__PROBLEM DETAILS__.
Your task is to repeat exactly the lines from the one with "E’ l’ora dei" through the end of the records, both included; please leave the pictures out.

[Records excerpted from a collection]
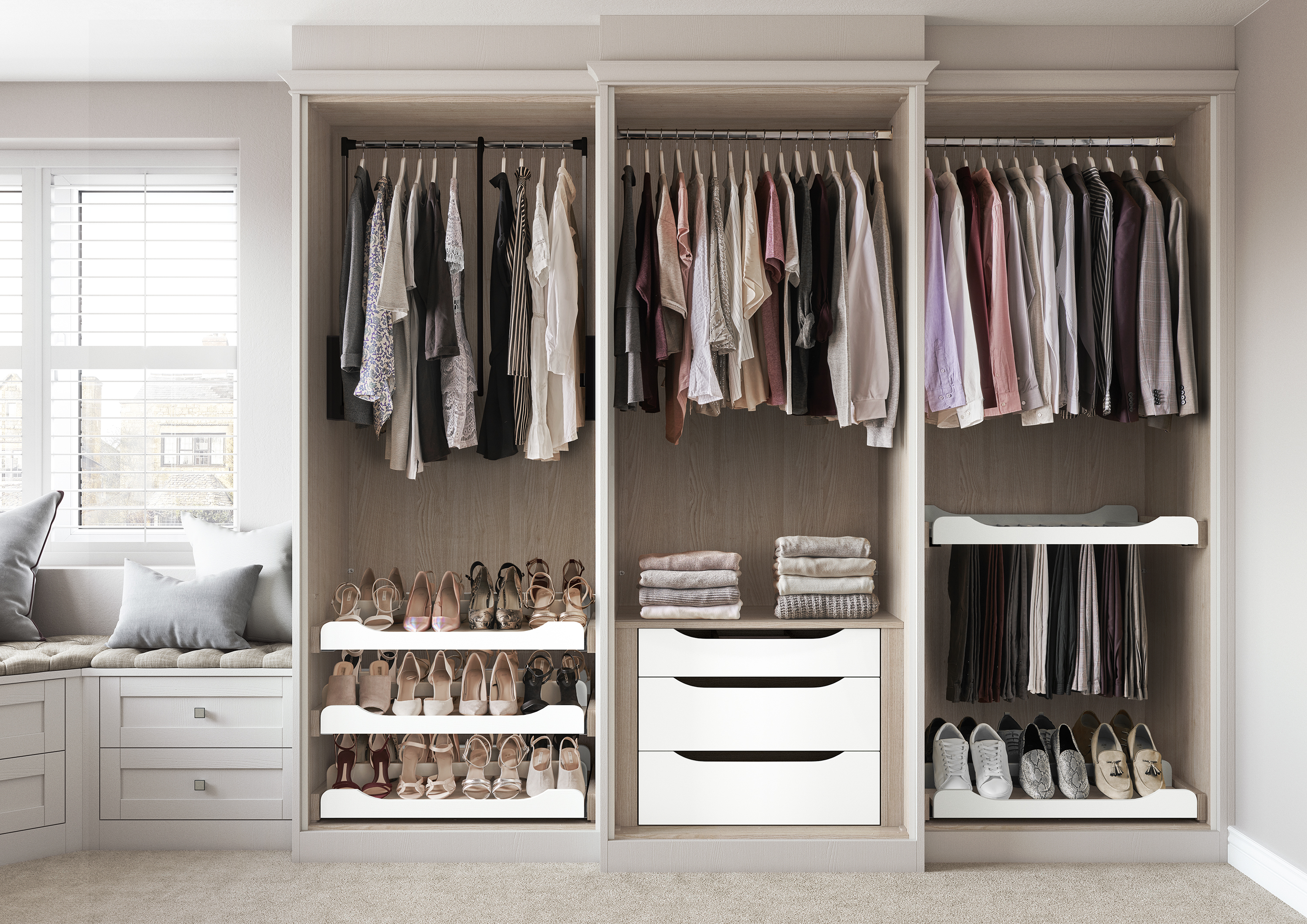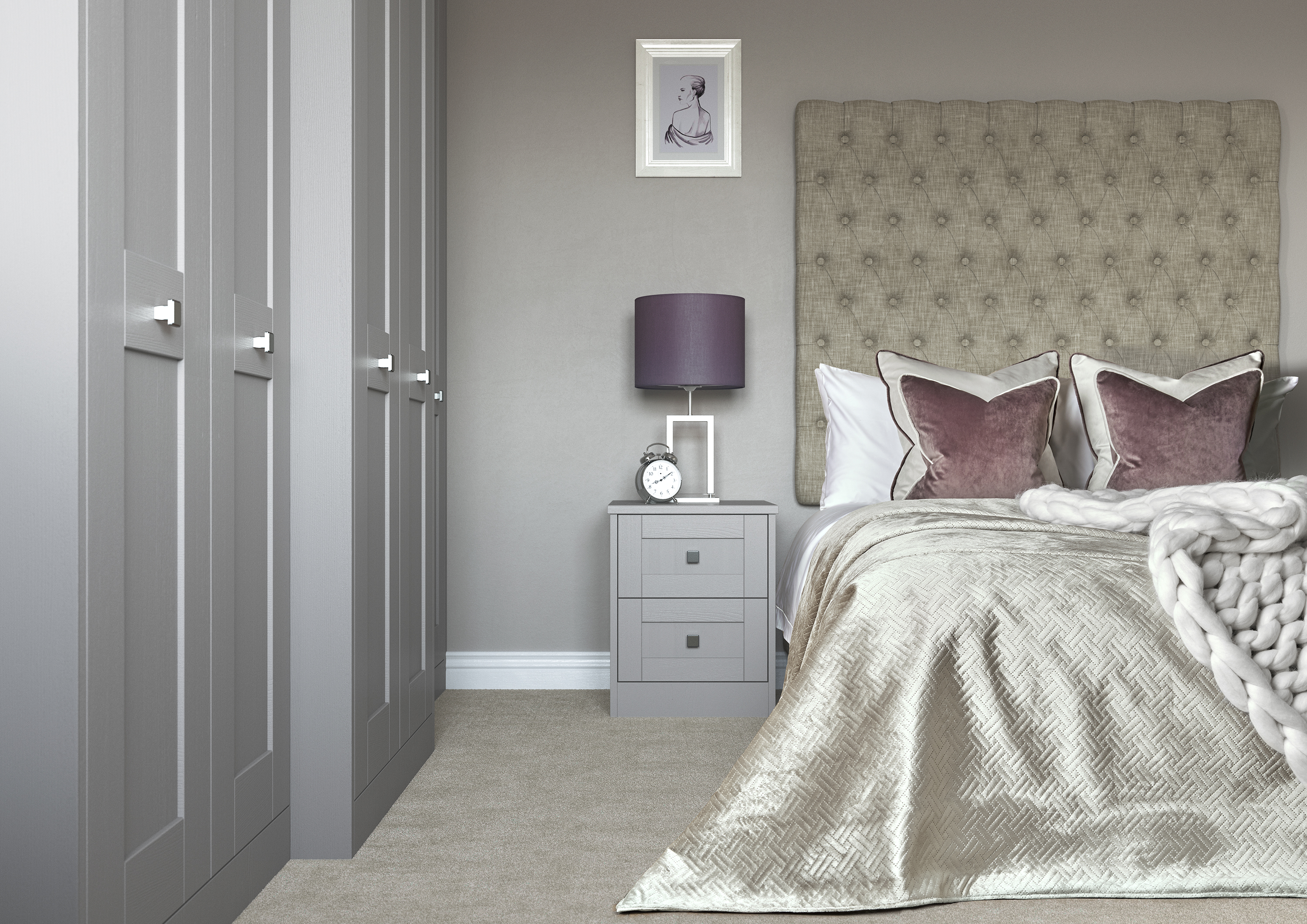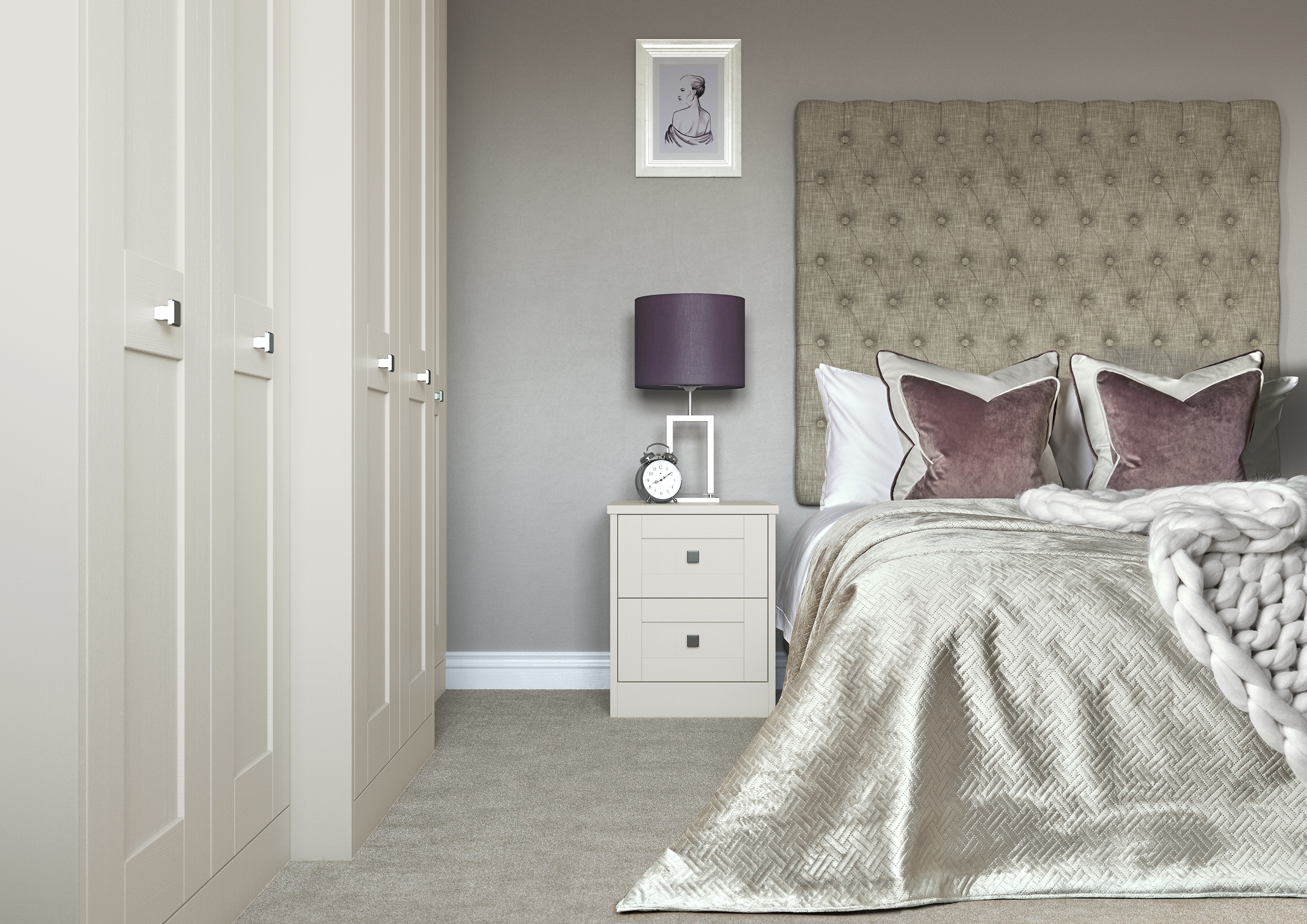 Milton is an instant Classic. An elegant and timeless shaker door style Painted in soft satin over light woodgrain and available in 12 colour options. Each of these colours can change the look of the room from the simple brightness of Soft White to a more urban and pared-down Light Praline. The look is completed by adding either a painted or satin Nickel handle.
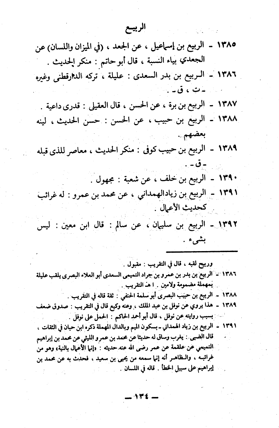 1385 - الربيع بن إسماعيل: عن الجعد، في الميزان واللسان عن الجعدي بياء النسبة، قال أبو حاتم: منكر الحديث.
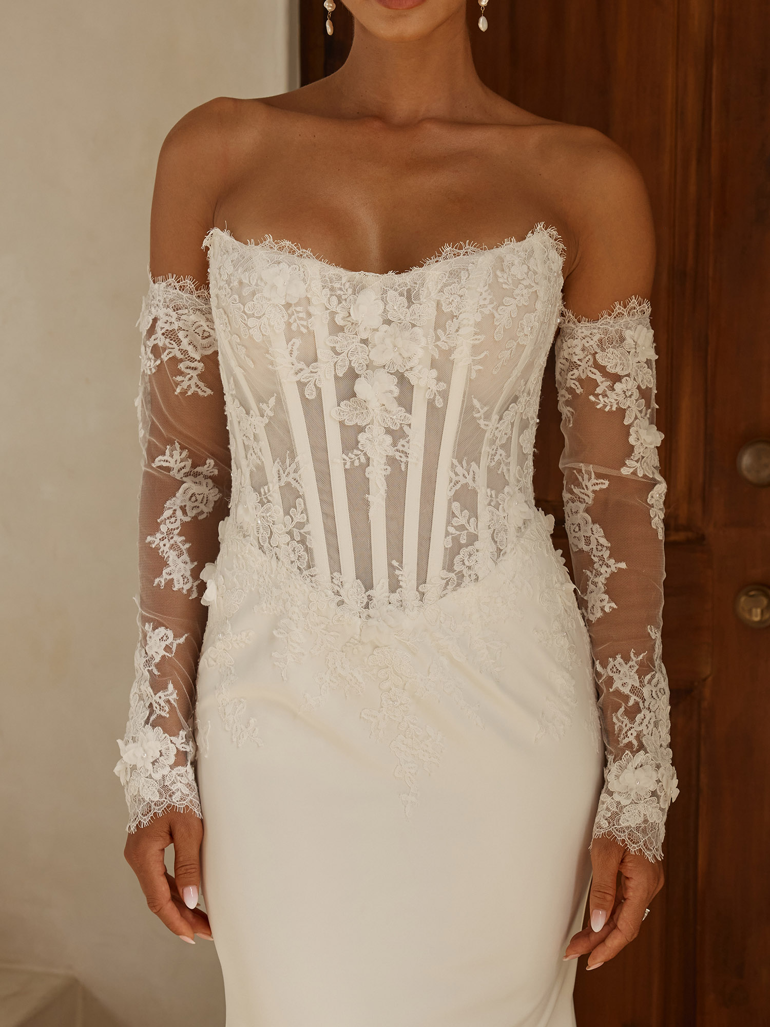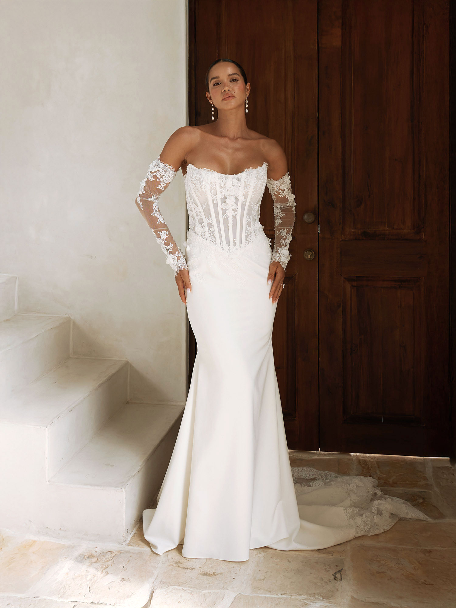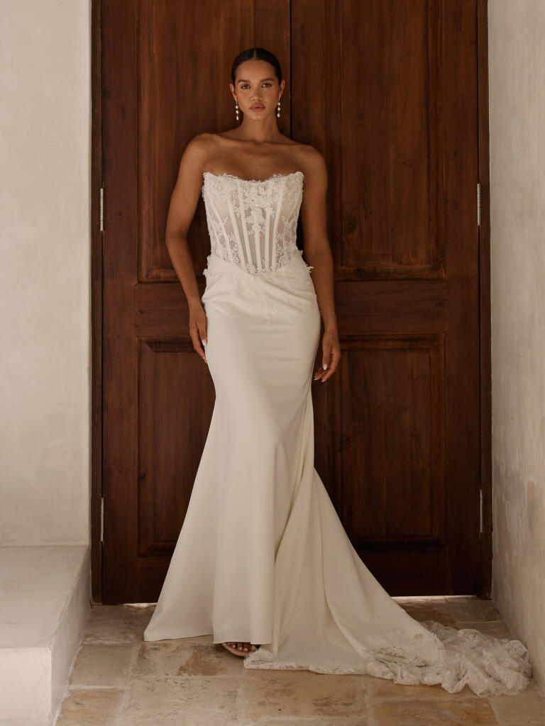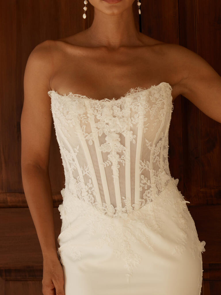 Composed of clean crepe and beaded Chantilly motifs, this look strikes a beautiful balance between soft glam and structural shape. All together creating an elevated, sensual design.
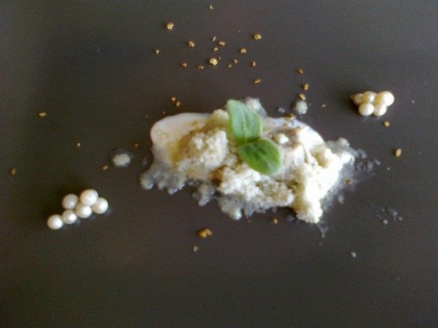 E’ l’ora dei secondi piatti. Sontuosi. Quasi barocchi. E quindi spiazzanti. Ma come? Sushi & susci, il crudo minimale, l’essenzialità. Dove sono? Dov’erano quando Moreno li ha partoriti? La costoletta di rombo con pastella alla birra chiara, erbe di campo e trippa di coda di rospo sembra uscita da un pranzo regale di François Vatel.
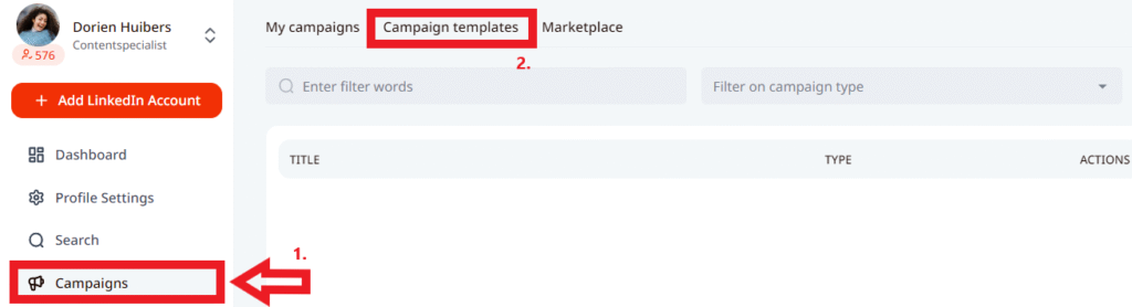 - Go to the Campaigns section on LeadGiant and press on the Campaign template tab
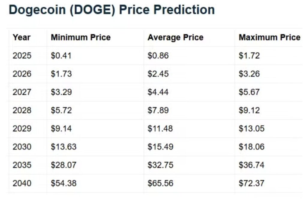 Platform prediksi Telegaon memperkirakan harga Dogecoin akan berada dalam kisaran $28,07 hingga $36,74 pada tahun 2035—jauh lebih tinggi dibandingkan proyeksi dari model AI lainnya.
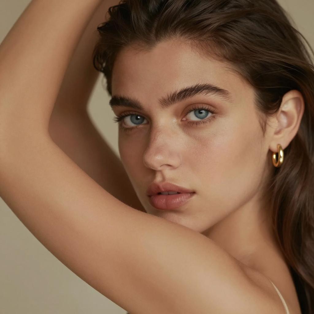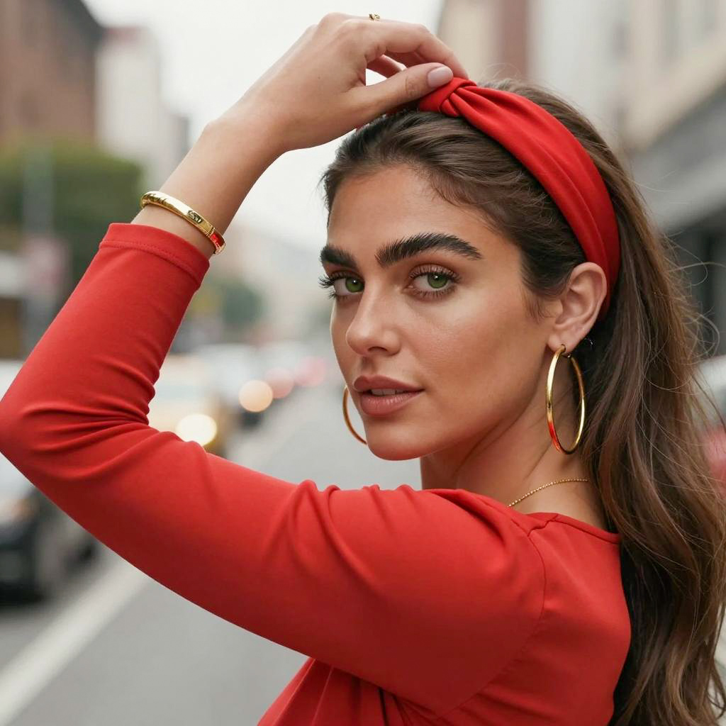 Photograph of a woman with olive skin, green eyes, and full eyebrows. She has long brown hair, wearing a red headband, red long-sleeve top, large gold hoop earrings, and a gold bracelet. She is looking over her shoulder with a subtle smile. Her right arm is raised, hand touching the headband. Background is blurred urban setting.
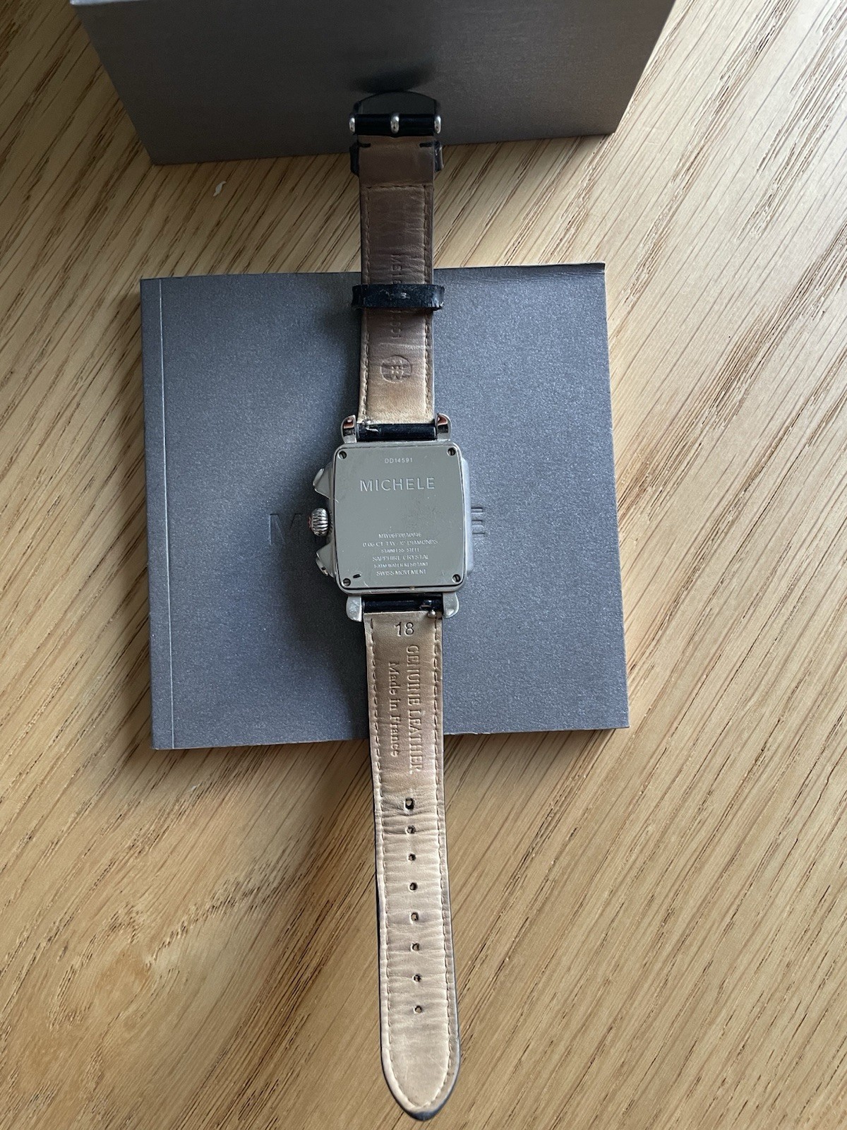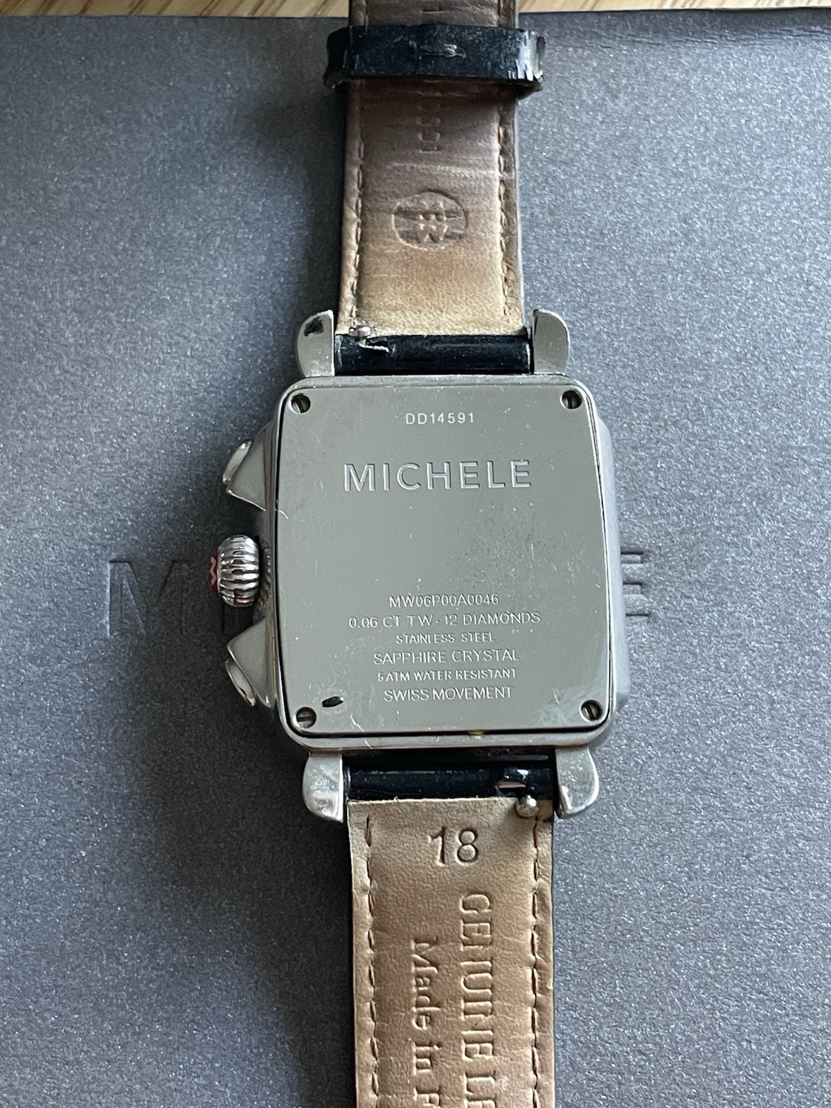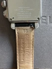 Michele Deco Chronograph Watch in Stainless Steel. This pre-owned watch is fully functional and features a sleek leather strap, Swiss precision movement, and an elegant design that blends sophistication and style. Original box and booklet are included. The stainless steel case shows minor hairline scratches typical of gentle wear, but no deep marks or dents. The leather strap shows some wear and creasing, consistent with use, but is still comfortable and secure.

__EXERCISE OUTPUT__.
 E’ l’ora dei secondi piatti. Sontuosi. Quasi barocchi. E quindi spiazzanti. Ma come? Sushi & susci, il crudo minimale, l’essenzialità. Dove sono? Dov’erano quando Moreno li ha partoriti? La costoletta di rombo con pastella alla birra chiara, erbe di campo e trippa di coda di rospo sembra uscita da un pranzo regale di François Vatel.
 - Go to the Campaigns section on LeadGiant and press on the Campaign template tab
 Platform prediksi Telegaon memperkirakan harga Dogecoin akan berada dalam kisaran $28,07 hingga $36,74 pada tahun 2035—jauh lebih tinggi dibandingkan proyeksi dari model AI lainnya.
 Photograph of a woman with olive skin, green eyes, and full eyebrows. She has long brown hair, wearing a red headband, red long-sleeve top, large gold hoop earrings, and a gold bracelet. She is looking over her shoulder with a subtle smile. Her right arm is raised, hand touching the headband. Background is blurred urban setting.
 Michele Deco Chronograph Watch in Stainless Steel. This pre-owned watch is fully functional and features a sleek leather strap, Swiss precision movement, and an elegant design that blends sophistication and style. Original box and booklet are included. The stainless steel case shows minor hairline scratches typical of gentle wear, but no deep marks or dents. The leather strap shows some wear and creasing, consistent with use, but is still comfortable and secure.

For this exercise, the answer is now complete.